____ Data for this exercise

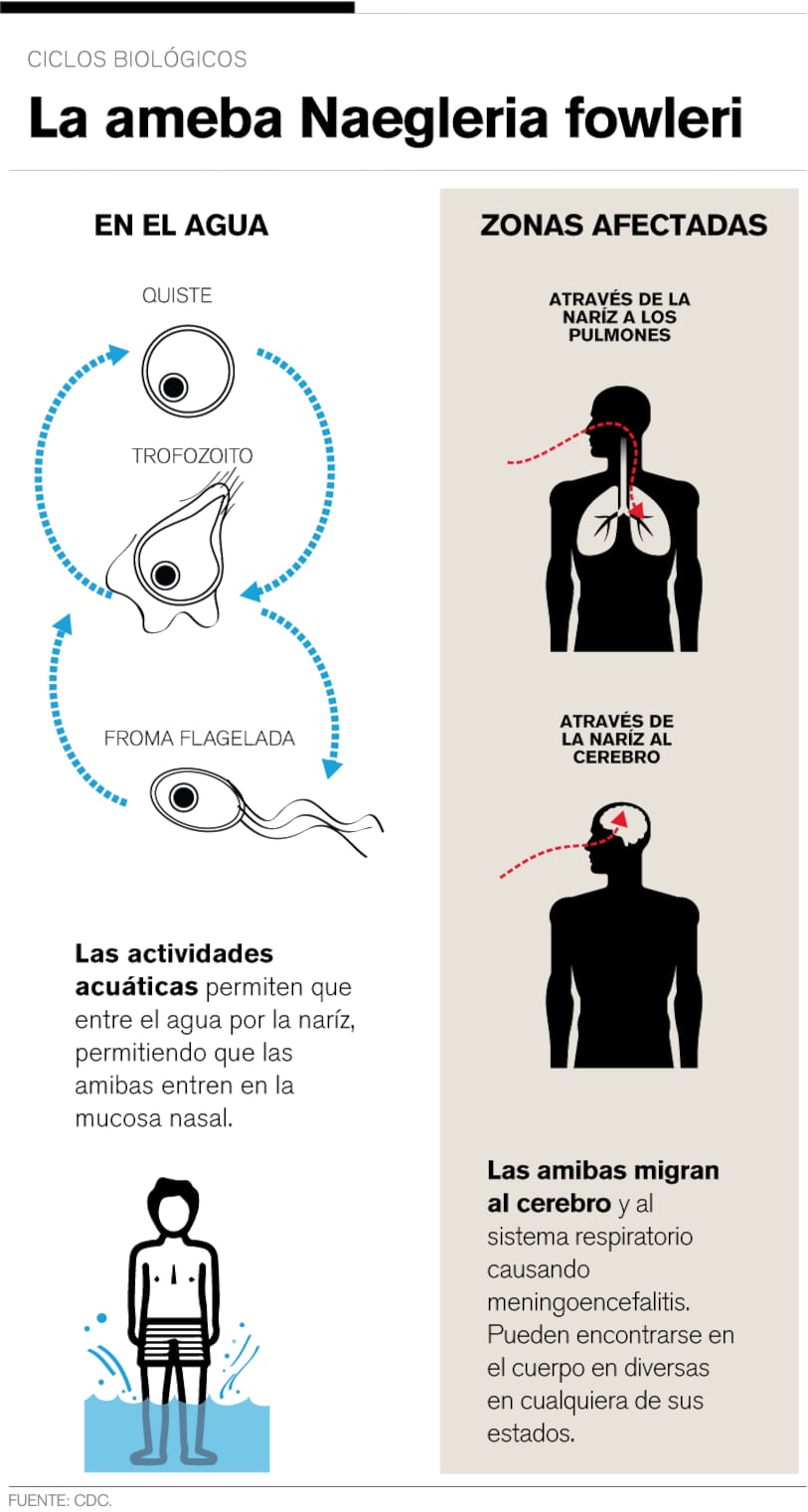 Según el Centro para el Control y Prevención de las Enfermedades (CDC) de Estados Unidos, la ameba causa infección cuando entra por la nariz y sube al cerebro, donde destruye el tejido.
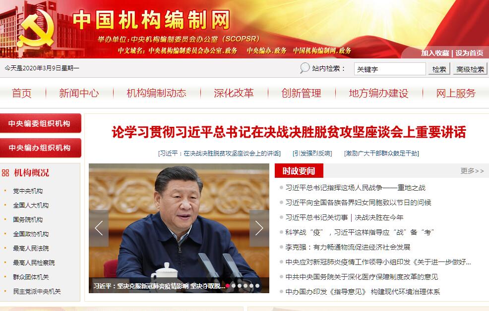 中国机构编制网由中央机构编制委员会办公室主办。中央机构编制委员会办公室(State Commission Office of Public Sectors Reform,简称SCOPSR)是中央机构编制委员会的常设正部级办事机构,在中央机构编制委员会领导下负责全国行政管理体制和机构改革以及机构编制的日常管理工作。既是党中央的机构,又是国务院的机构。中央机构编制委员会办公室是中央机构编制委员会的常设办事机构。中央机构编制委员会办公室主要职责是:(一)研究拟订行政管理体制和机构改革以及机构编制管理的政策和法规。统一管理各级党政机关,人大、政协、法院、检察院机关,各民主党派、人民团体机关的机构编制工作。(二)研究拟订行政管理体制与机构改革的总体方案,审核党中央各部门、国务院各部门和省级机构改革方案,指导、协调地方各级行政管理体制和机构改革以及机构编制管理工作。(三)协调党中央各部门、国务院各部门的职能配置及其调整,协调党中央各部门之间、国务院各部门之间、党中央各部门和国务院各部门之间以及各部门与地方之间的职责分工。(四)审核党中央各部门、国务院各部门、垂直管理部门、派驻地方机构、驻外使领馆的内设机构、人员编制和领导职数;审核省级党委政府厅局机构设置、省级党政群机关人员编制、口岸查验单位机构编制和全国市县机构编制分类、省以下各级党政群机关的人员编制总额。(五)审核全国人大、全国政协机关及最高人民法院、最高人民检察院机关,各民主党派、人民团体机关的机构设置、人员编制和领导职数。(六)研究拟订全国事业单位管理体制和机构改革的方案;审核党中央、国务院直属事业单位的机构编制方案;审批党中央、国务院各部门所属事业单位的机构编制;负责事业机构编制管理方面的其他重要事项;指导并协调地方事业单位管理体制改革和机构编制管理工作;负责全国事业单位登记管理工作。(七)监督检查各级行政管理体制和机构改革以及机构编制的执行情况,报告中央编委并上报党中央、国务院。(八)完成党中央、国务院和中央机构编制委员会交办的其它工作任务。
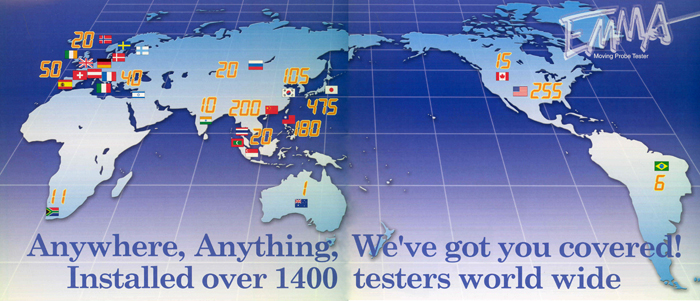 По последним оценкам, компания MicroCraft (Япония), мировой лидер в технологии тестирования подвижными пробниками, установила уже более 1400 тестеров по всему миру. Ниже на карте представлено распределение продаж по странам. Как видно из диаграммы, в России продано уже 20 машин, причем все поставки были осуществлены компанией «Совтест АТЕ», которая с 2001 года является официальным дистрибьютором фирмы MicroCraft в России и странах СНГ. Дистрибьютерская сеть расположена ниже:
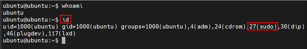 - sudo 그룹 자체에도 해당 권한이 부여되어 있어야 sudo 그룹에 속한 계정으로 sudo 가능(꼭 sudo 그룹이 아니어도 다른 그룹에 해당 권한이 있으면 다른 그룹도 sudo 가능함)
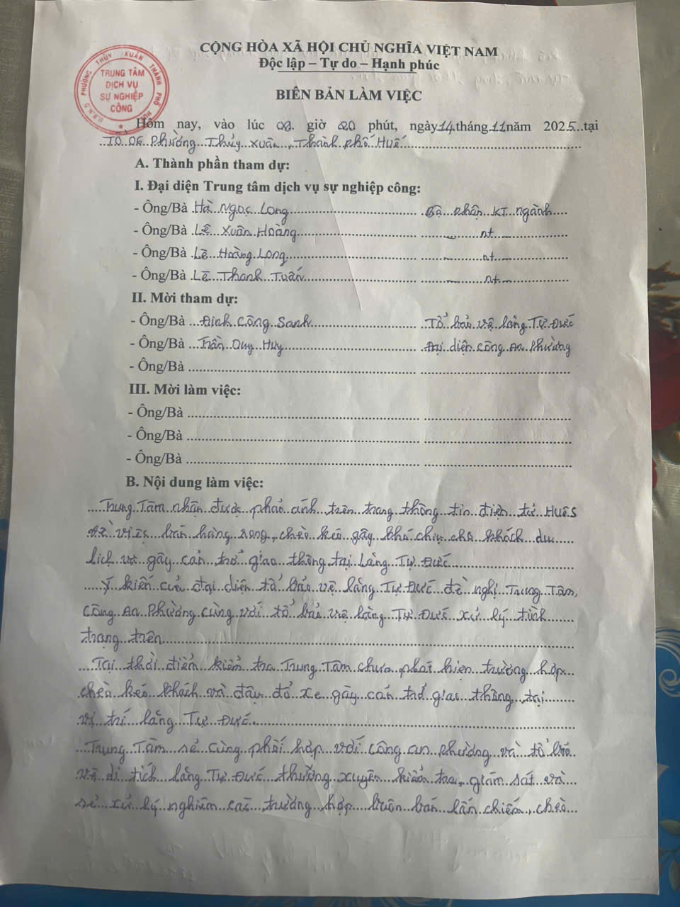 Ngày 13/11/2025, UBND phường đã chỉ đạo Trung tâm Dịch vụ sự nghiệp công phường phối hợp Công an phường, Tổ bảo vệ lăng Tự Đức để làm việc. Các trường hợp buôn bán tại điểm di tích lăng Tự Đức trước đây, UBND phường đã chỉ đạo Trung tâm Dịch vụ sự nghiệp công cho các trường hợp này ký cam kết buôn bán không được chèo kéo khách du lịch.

________

Aim of the task. The answer consists of the records repeated exactly, without any images.

Exercise response.
 Según el Centro para el Control y Prevención de las Enfermedades (CDC) de Estados Unidos, la ameba causa infección cuando entra por la nariz y sube al cerebro, donde destruye el tejido.
 中国机构编制网由中央机构编制委员会办公室主办。中央机构编制委员会办公室(State Commission Office of Public Sectors Reform,简称SCOPSR)是中央机构编制委员会的常设正部级办事机构,在中央机构编制委员会领导下负责全国行政管理体制和机构改革以及机构编制的日常管理工作。既是党中央的机构,又是国务院的机构。中央机构编制委员会办公室是中央机构编制委员会的常设办事机构。中央机构编制委员会办公室主要职责是:(一)研究拟订行政管理体制和机构改革以及机构编制管理的政策和法规。统一管理各级党政机关,人大、政协、法院、检察院机关,各民主党派、人民团体机关的机构编制工作。(二)研究拟订行政管理体制与机构改革的总体方案,审核党中央各部门、国务院各部门和省级机构改革方案,指导、协调地方各级行政管理体制和机构改革以及机构编制管理工作。(三)协调党中央各部门、国务院各部门的职能配置及其调整,协调党中央各部门之间、国务院各部门之间、党中央各部门和国务院各部门之间以及各部门与地方之间的职责分工。(四)审核党中央各部门、国务院各部门、垂直管理部门、派驻地方机构、驻外使领馆的内设机构、人员编制和领导职数;审核省级党委政府厅局机构设置、省级党政群机关人员编制、口岸查验单位机构编制和全国市县机构编制分类、省以下各级党政群机关的人员编制总额。(五)审核全国人大、全国政协机关及最高人民法院、最高人民检察院机关,各民主党派、人民团体机关的机构设置、人员编制和领导职数。(六)研究拟订全国事业单位管理体制和机构改革的方案;审核党中央、国务院直属事业单位的机构编制方案;审批党中央、国务院各部门所属事业单位的机构编制;负责事业机构编制管理方面的其他重要事项;指导并协调地方事业单位管理体制改革和机构编制管理工作;负责全国事业单位登记管理工作。(七)监督检查各级行政管理体制和机构改革以及机构编制的执行情况,报告中央编委并上报党中央、国务院。(八)完成党中央、国务院和中央机构编制委员会交办的其它工作任务。
 По последним оценкам, компания MicroCraft (Япония), мировой лидер в технологии тестирования подвижными пробниками, установила уже более 1400 тестеров по всему миру. Ниже на карте представлено распределение продаж по странам. Как видно из диаграммы, в России продано уже 20 машин, причем все поставки были осуществлены компанией «Совтест АТЕ», которая с 2001 года является официальным дистрибьютором фирмы MicroCraft в России и странах СНГ. Дистрибьютерская сеть расположена ниже:
 - sudo 그룹 자체에도 해당 권한이 부여되어 있어야 sudo 그룹에 속한 계정으로 sudo 가능(꼭 sudo 그룹이 아니어도 다른 그룹에 해당 권한이 있으면 다른 그룹도 sudo 가능함)
 Ngày 13/11/2025, UBND phường đã chỉ đạo Trung tâm Dịch vụ sự nghiệp công phường phối hợp Công an phường, Tổ bảo vệ lăng Tự Đức để làm việc. Các trường hợp buôn bán tại điểm di tích lăng Tự Đức trước đây, UBND phường đã chỉ đạo Trung tâm Dịch vụ sự nghiệp công cho các trường hợp này ký cam kết buôn bán không được chèo kéo khách du lịch.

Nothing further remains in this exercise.